The most accurate time counters that physicists know today are atomic clocks. Think not of the dial with a second hand, but of a “clock” that “ticks” thanks to regular changes in the energy states of atoms. By placing two of these atomic clocks directly on top of each other, in 2010, physicists were already able to measure gravitational redshift at a distance of one meter.

It happened in this setting, in a tiny cloud of strontium atoms, that researchers measured the effect of gravity on the passage of time with ever greater precision.Jacobson Statue / NIST

In the two new experiments, the preferential step is now taken, by not using two separate arrangements as clocks, but by comparing the time in (groups) of atoms within a single order. In this way, the physicists were able to measure the time difference between energy transitions in atoms a few millimeters apart on either side of a single atomic cloud suspended in a laser beam. In the second article, another research group described something similar, but between two clouds of atoms separated by a centimeter.
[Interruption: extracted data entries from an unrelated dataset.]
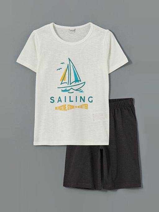 Bisiklet Yaka Erkek ?ocuk ?ortlu Pijama Tak?m?
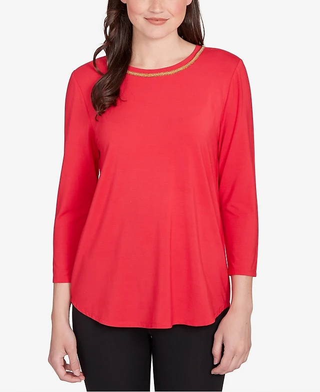 Ruby Rd. Petite Embellished Scoop Neck Solid Knit Top
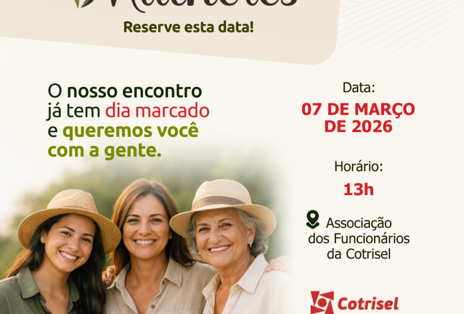 O encontro será realizado no dia 07 de março de 2026, às 13h, na Associação dos Funcionários da Cotrisel, reunindo associadas, esposas e filhas de associados para uma tarde dedicada à inspiração, ao diálogo e ao fortalecimento de laços.
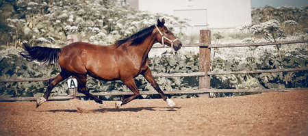 Beautiful young purebred horse runs across empty riding hall during training
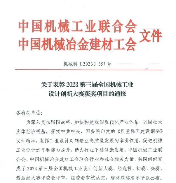全國機械工業(yè)設計創(chuàng )新大賽由中國機械工業(yè)聯(lián)合會(huì )、中國機械冶金建材工會(huì )聯(lián)合主辦,大賽以“設計創(chuàng )新、智造未來(lái)”為主題,旨在深入貫徹強國戰略,加快構建我國現代化產(chǎn)業(yè)體系,鞏固壯大實(shí)體經(jīng)濟根基,發(fā)揮工業(yè)設計對制造業(yè)高質(zhì)量發(fā)展的牽引作用,促進(jìn)機械工業(yè)設計水平和能力提升,助力行業(yè)平穩健康發(fā)展。
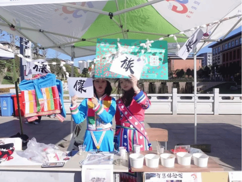 通过在展位展示傣族的银饰品、傣锦以及贝叶经来展现傣族的民族风华与文化特色,互动环节设置傣语速记和竹竿舞体验,致力于将傣族的好客与热情传递出去,将美好祝福献给大家。
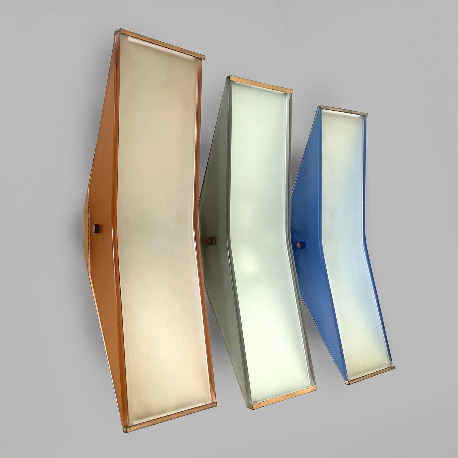 Max Ingrand (1908-1969) Three wall lights Brass, coloured glass and frosted glass Model 2135,produced by Fontana Arte c. 1962 Italy
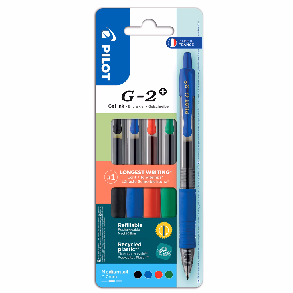 Roller ink gel a scatto colore assortiti PILOT G-2 plus punta fine mm 0,7 - 4 pezzi
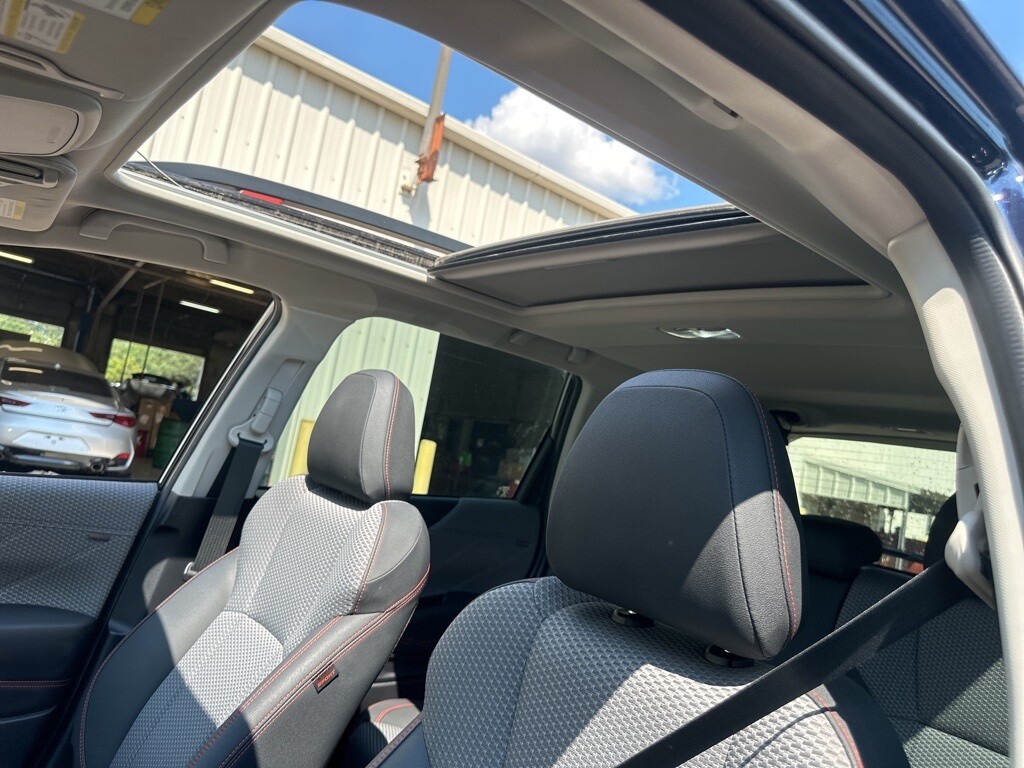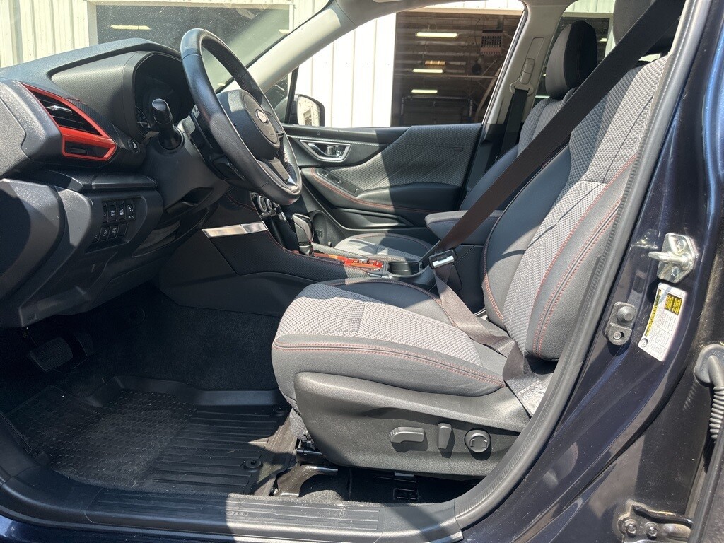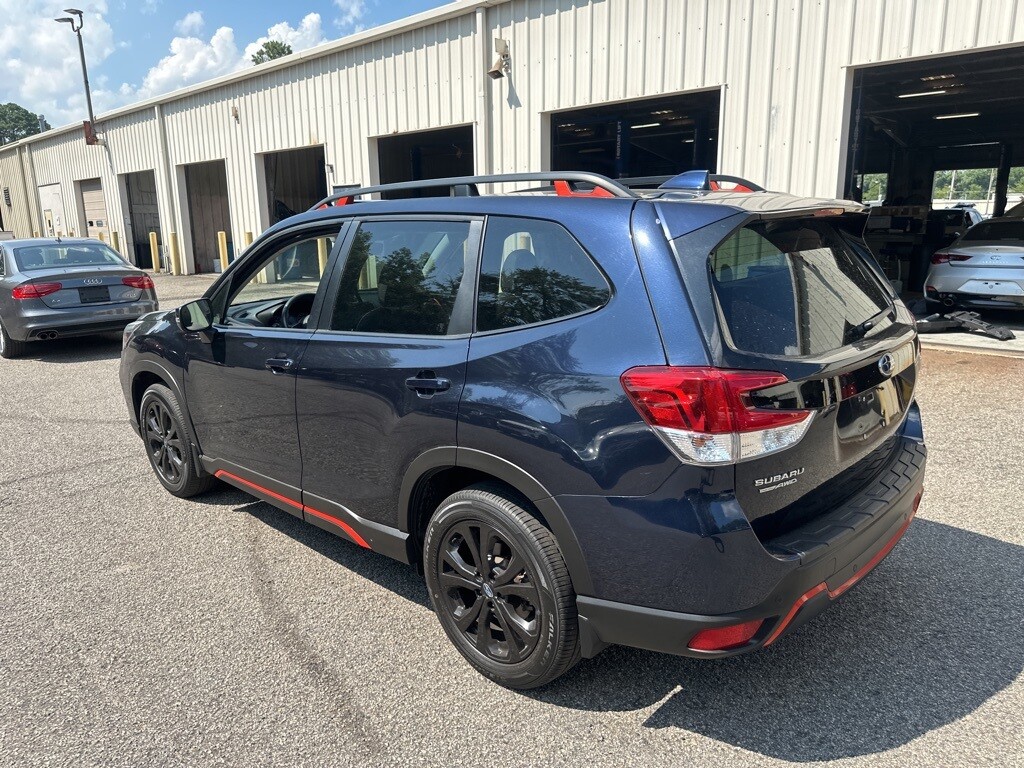 Certification Program Details: Southern Certified CARFAX One-Owner. Clean CARFAX. Certified. Dark Blue 2021 Subaru Forester Sport AWD Lineartronic CVT 2.5L 4-Cylinder DOHC 16V VVT AWD/4WD, BACKUP CAMERA, BLUETOOTH, LEATHER SEATS, MOONROOF, PANORAMIC SUNROOF, POWER PACKAGE, KEYLESS ENTRY, APPLE ANDROID CARPLAY, PUSH BUTTON START, 4-Wheel Disc Brakes, 6 Speakers, ABS brakes, Air Conditioning, AM/FM radio: SiriusXM, Auto High-beam Headlights, Brake assist, Bumpers: body-color, CD player, Driver door bin, Driver vanity mirror, Dual front impact airbags, Dual front side impact airbags, Electronic Stability Control, Exterior Parking Camera Rear, Four wheel independent suspension, Front Bucket Seats, Front Center Armrest, Front fog lights, Fully automatic headlights, Heated door mirrors, Knee airbag, Low tire pressure warning, Outside temperature display, Overhead airbag, Overhead console, Paddle-Shift Control Switches, Panic alarm, Passenger door bin, Power door mirrors, Power driver seat, Power moonroof: Panoramic, Power steering, Power windows, Radio data system, Radio: Subaru Starlink 6.5 Multimedia Plus System, Rear anti-roll bar, Rear seat center armrest, Rear window defroster, Remote keyless entry, Roof rack: rails only, Security system, Speed-sensing steering, Split folding rear seat, Sport Cloth Upholstery, Steering wheel mounted audio controls, Tachometer, Tilt steering wheel, Traction control, Wheels: 18 x 7.0J Black Finish Aluminum Alloy.
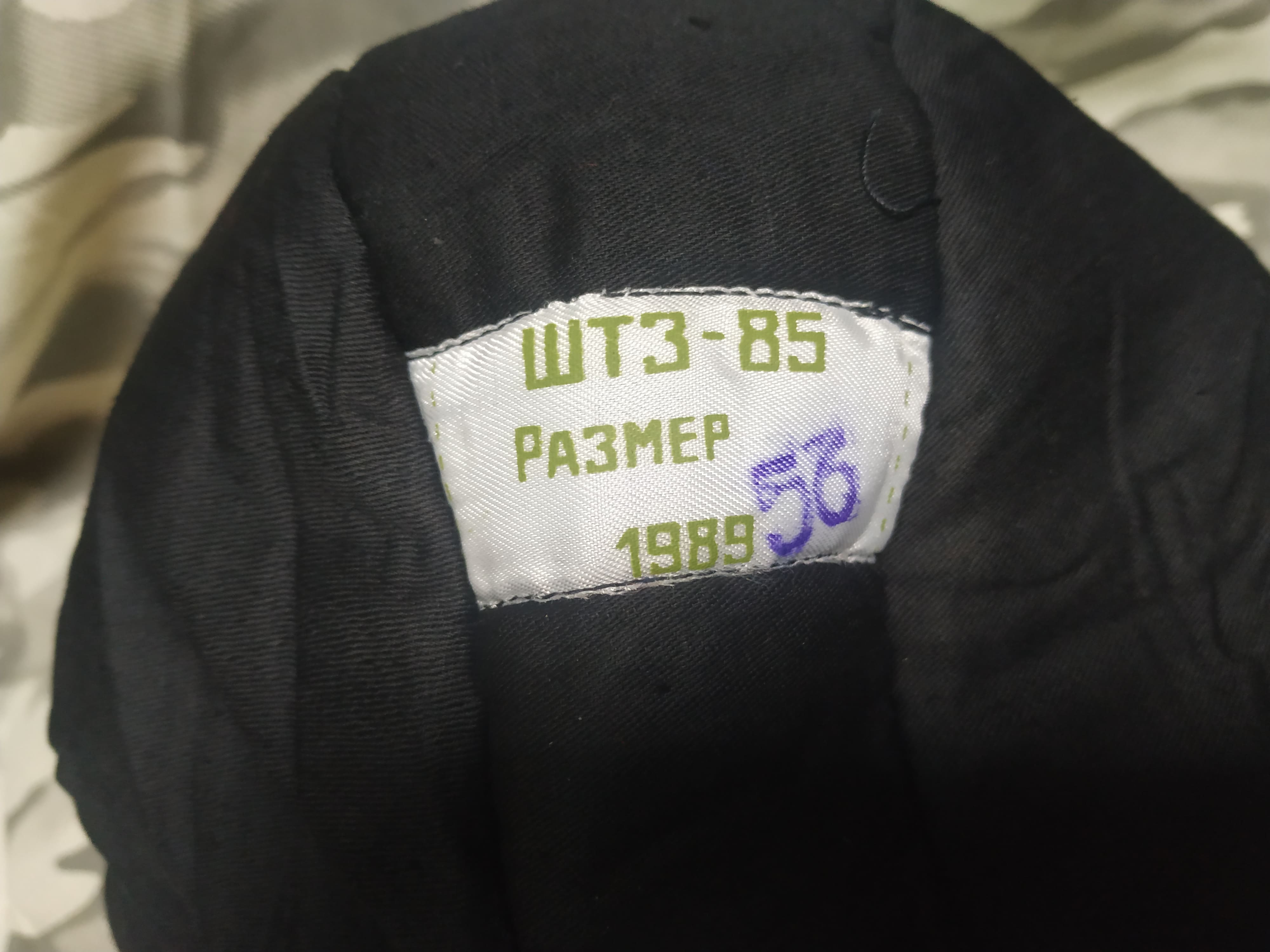 Шлем авиационного техника ШТЗ-85 (СССР, 86 года выпуска) Материал - натуральное плотное сукно в 2 слоя + утеплитель. Подкладка — хб. Размер меняется с помощью утяжки на затылке.
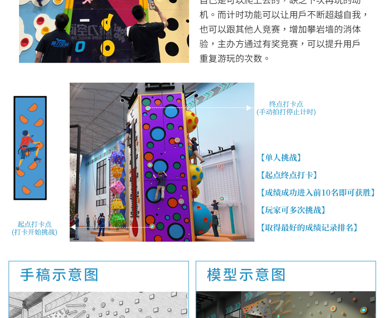 第二,從客觀上來說,室內攀巖是通過攀登人工設計高度、難度不等的巖壁來完成攀巖的體驗,就是說,巖壁上的巖點是可以隨意改變位置的,而隨著巖點的調整,攀爬線路的難度也會隨之調整。

“Fantastic results,” says physicist Florian Schreck (University of Amsterdam), who also conducts research on ultra-precise atomic clocks. “It’s been in the air for a while for someone to do this. You can also see this in the fact that two research groups are now doing this simultaneously, independently of each other.”

Physicists want to use their technology for the long-term to gain new insights into physics, all of which are related to gravity. For example, they hope to reveal how this force works at the smallest particle level – an important open question in physics – and want to better map the shape of the Earth, again through gravitational measurements.